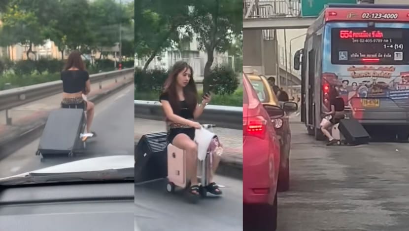 Klip, dirakam dan dikongsi oleh seorang penumpang di dalam kereta, melihat wanita itu menaiki bagasi bermotor merah jambu di jalan raya menuju ke Lapangan Terbang Antarabangsa Don Mueang.
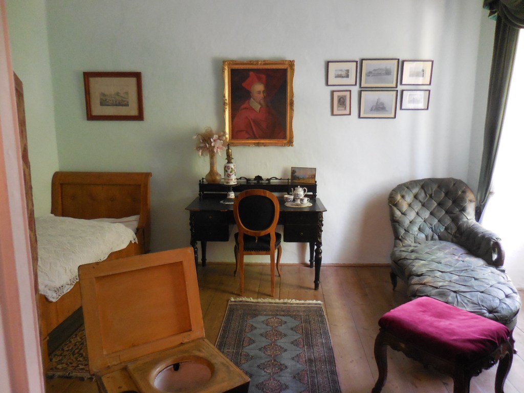 The chateau was transformed into Baroque style during 1776 and now has a Classicist appearance. After World War II, it was nationalized, and the Forest Institute took control. In 1948 the town took over, and the chateau served various functions. At one time, it included a movie theatre, library and Socialist Youth Union club. There had been apartments here, too. Later the Museum of Josef Dobrovský opened on the site, named after the historian because he had spent some time there. We even saw the bedroom where Dobrovský had slept. In 2009 the Černín family moved back to Chudenice and now live in the other chateau in the town, the Empire style Lázeň, which they are reconstructing along with its English park. The guide said the Černíns often visit Chudenice Chateau and even give private tours on weekends.
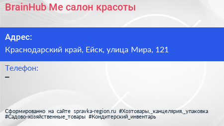 BrainHub.Me, салон красоты по адресу Краснодарский край, Ейск, улица Мира, 121 в дальнейшем Организация, размещена в следующих категориях:
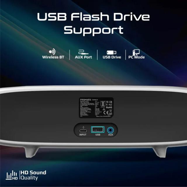 Introducing Promate’s Delta-X, a superior quality TWS speaker that delivers powerful stereo sound with a 20W speaker output. Designed with a futuristic, sleek spaceship aesthetic, it features 12 dynamic RGB lighting modes and two "landing lights" on the sides that respond to voice levels, creating a visually immersive experience. The Delta-X is equipped with dedicated dual bass and dual treble drivers, offering three EQ modes for a personalized audio experience. Its built-in omnidirectional hands-free microphone facilitates seamless hands-free communication, whether during video games or conference calls. The robust 6400mAh lithium-ion battery provides 20 hours of playtime with RGB lighting or 30 hours without, ensuring long-lasting enjoyment. With efficient power usage, a wireless operating range of up to 20 meters, support for USB flash drives up to 256GB, and a 20W USB-C input for fast charging, the Delta-X is the ultimate portable speaker for both audio and visual enjoyment. Audio that is out of this world! Combining style, performance, and versatility, the Delta-X is the pinnacle of innovation in portable audio.
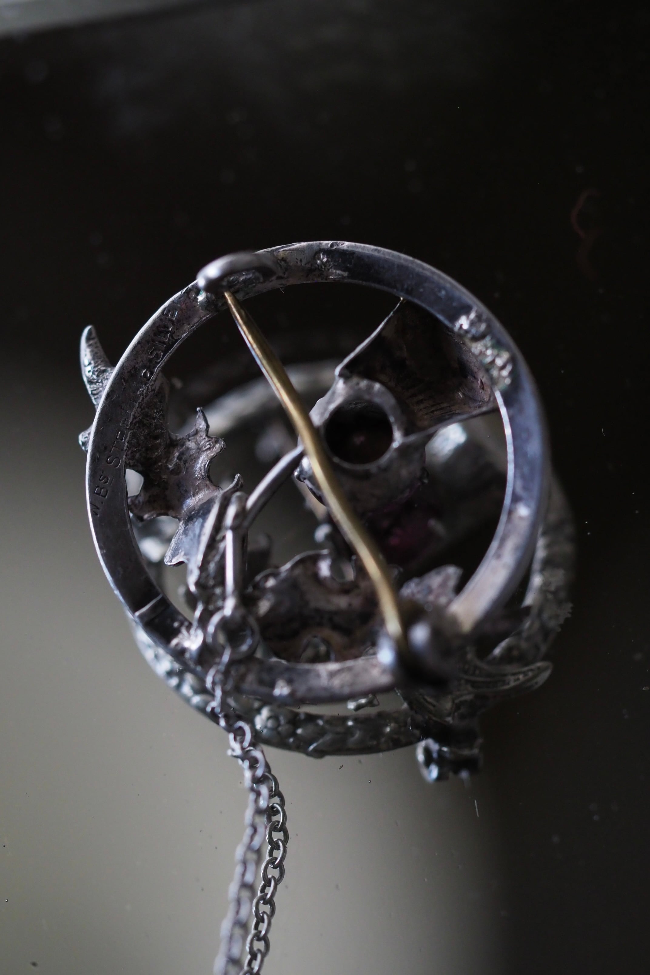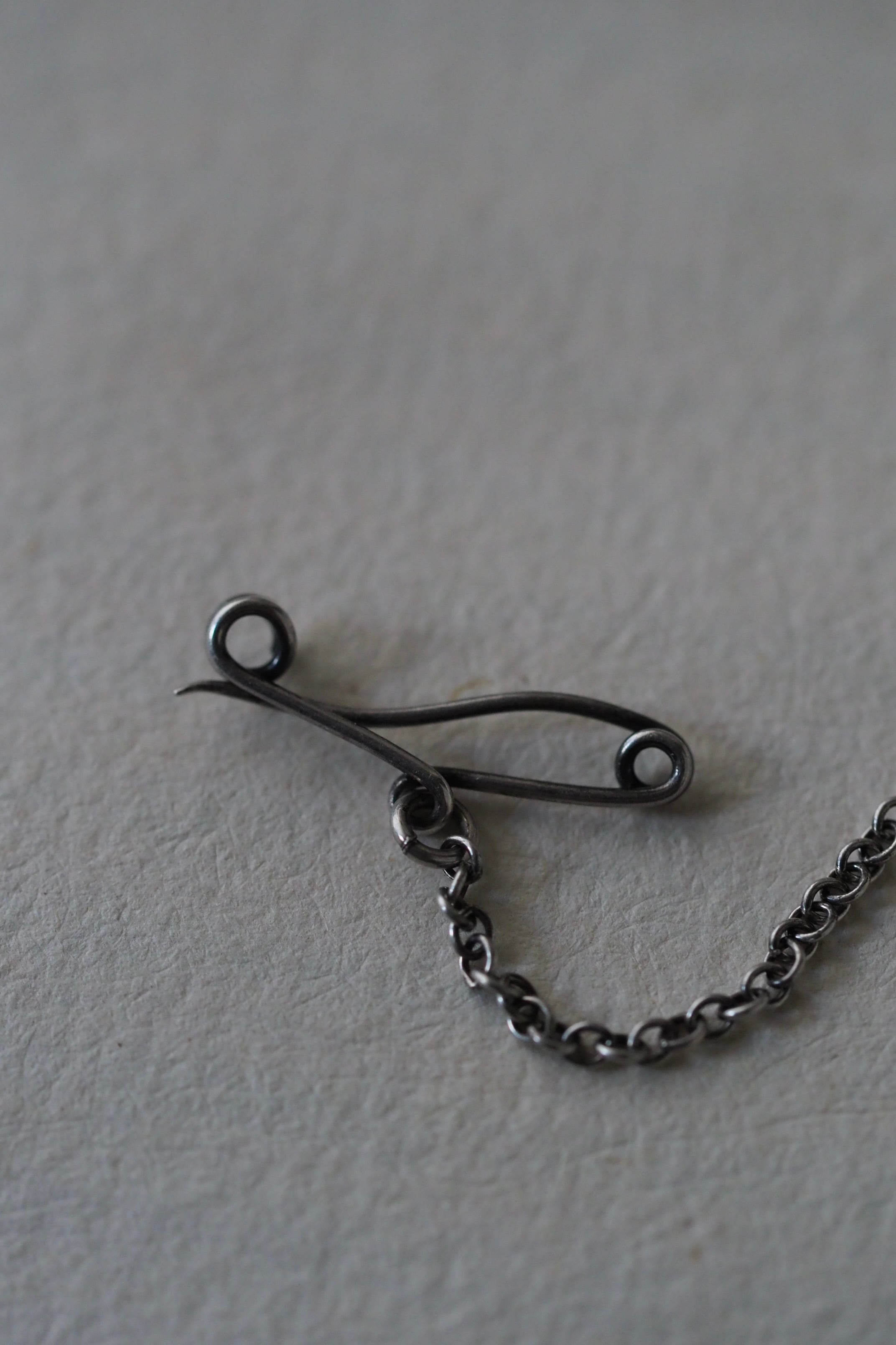 ブローチ本体背面は爪に引っ掛けて留めるタイプ。

▶ _TASK BRIEF_: If the listing above includes images, copy every line of it exactly except those images.

▶ _EXERCISE ANSWER_:
 Klip, dirakam dan dikongsi oleh seorang penumpang di dalam kereta, melihat wanita itu menaiki bagasi bermotor merah jambu di jalan raya menuju ke Lapangan Terbang Antarabangsa Don Mueang.
 The chateau was transformed into Baroque style during 1776 and now has a Classicist appearance. After World War II, it was nationalized, and the Forest Institute took control. In 1948 the town took over, and the chateau served various functions. At one time, it included a movie theatre, library and Socialist Youth Union club. There had been apartments here, too. Later the Museum of Josef Dobrovský opened on the site, named after the historian because he had spent some time there. We even saw the bedroom where Dobrovský had slept. In 2009 the Černín family moved back to Chudenice and now live in the other chateau in the town, the Empire style Lázeň, which they are reconstructing along with its English park. The guide said the Černíns often visit Chudenice Chateau and even give private tours on weekends.
 BrainHub.Me, салон красоты по адресу Краснодарский край, Ейск, улица Мира, 121 в дальнейшем Организация, размещена в следующих категориях:
 Introducing Promate’s Delta-X, a superior quality TWS speaker that delivers powerful stereo sound with a 20W speaker output. Designed with a futuristic, sleek spaceship aesthetic, it features 12 dynamic RGB lighting modes and two "landing lights" on the sides that respond to voice levels, creating a visually immersive experience. The Delta-X is equipped with dedicated dual bass and dual treble drivers, offering three EQ modes for a personalized audio experience. Its built-in omnidirectional hands-free microphone facilitates seamless hands-free communication, whether during video games or conference calls. The robust 6400mAh lithium-ion battery provides 20 hours of playtime with RGB lighting or 30 hours without, ensuring long-lasting enjoyment. With efficient power usage, a wireless operating range of up to 20 meters, support for USB flash drives up to 256GB, and a 20W USB-C input for fast charging, the Delta-X is the ultimate portable speaker for both audio and visual enjoyment. Audio that is out of this world! Combining style, performance, and versatility, the Delta-X is the pinnacle of innovation in portable audio.
 ブローチ本体背面は爪に引っ掛けて留めるタイプ。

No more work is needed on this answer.